▸ **Assigned task**: Give only the number of lines in the records below that contain the word "Figure".

▸ **Data supplied**:
=== Begin Enclosure ===

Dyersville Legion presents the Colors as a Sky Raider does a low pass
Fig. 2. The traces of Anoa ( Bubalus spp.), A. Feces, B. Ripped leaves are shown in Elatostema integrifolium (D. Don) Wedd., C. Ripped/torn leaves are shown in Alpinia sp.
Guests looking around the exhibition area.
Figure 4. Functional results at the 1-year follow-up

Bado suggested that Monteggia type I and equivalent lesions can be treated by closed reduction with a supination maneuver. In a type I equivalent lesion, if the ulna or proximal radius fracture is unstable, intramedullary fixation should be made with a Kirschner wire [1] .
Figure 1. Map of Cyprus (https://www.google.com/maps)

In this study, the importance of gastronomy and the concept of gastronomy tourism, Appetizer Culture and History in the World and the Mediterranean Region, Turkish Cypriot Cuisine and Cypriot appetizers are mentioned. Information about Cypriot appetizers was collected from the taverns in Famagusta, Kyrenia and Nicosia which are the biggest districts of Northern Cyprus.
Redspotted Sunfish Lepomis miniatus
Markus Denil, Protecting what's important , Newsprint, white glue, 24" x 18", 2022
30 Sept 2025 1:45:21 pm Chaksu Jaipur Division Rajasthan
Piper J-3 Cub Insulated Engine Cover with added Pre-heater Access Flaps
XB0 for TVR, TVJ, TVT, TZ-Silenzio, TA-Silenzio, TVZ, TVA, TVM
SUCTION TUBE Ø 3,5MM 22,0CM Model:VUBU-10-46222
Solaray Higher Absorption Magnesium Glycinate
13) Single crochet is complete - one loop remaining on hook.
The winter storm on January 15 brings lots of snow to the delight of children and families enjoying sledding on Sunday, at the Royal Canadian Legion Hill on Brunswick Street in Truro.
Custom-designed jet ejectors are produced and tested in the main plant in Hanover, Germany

=== End Enclosure ===
=== Begin Enclosure ===

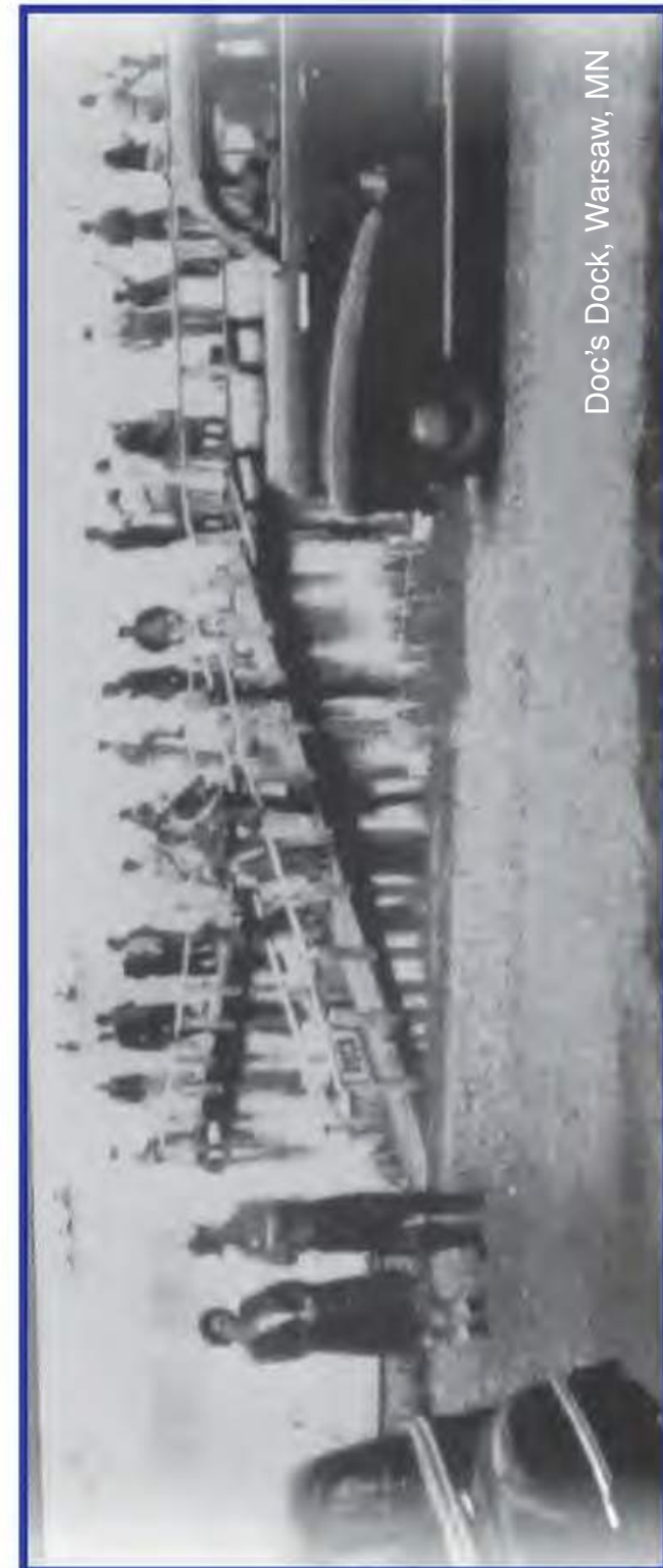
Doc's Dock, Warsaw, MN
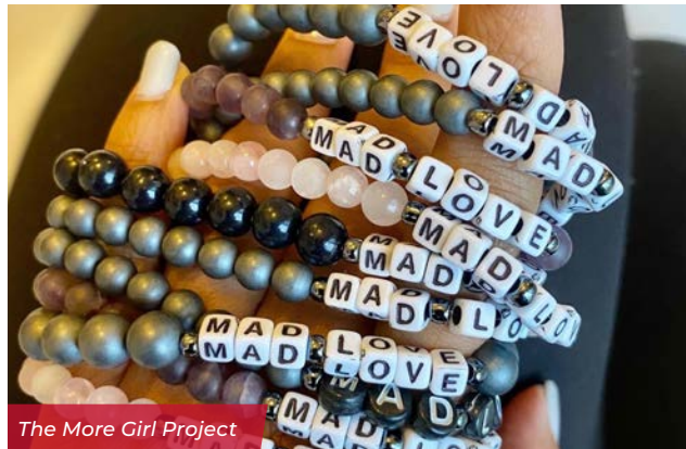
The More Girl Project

=== End Enclosure ===

▸ **Answer space**: 2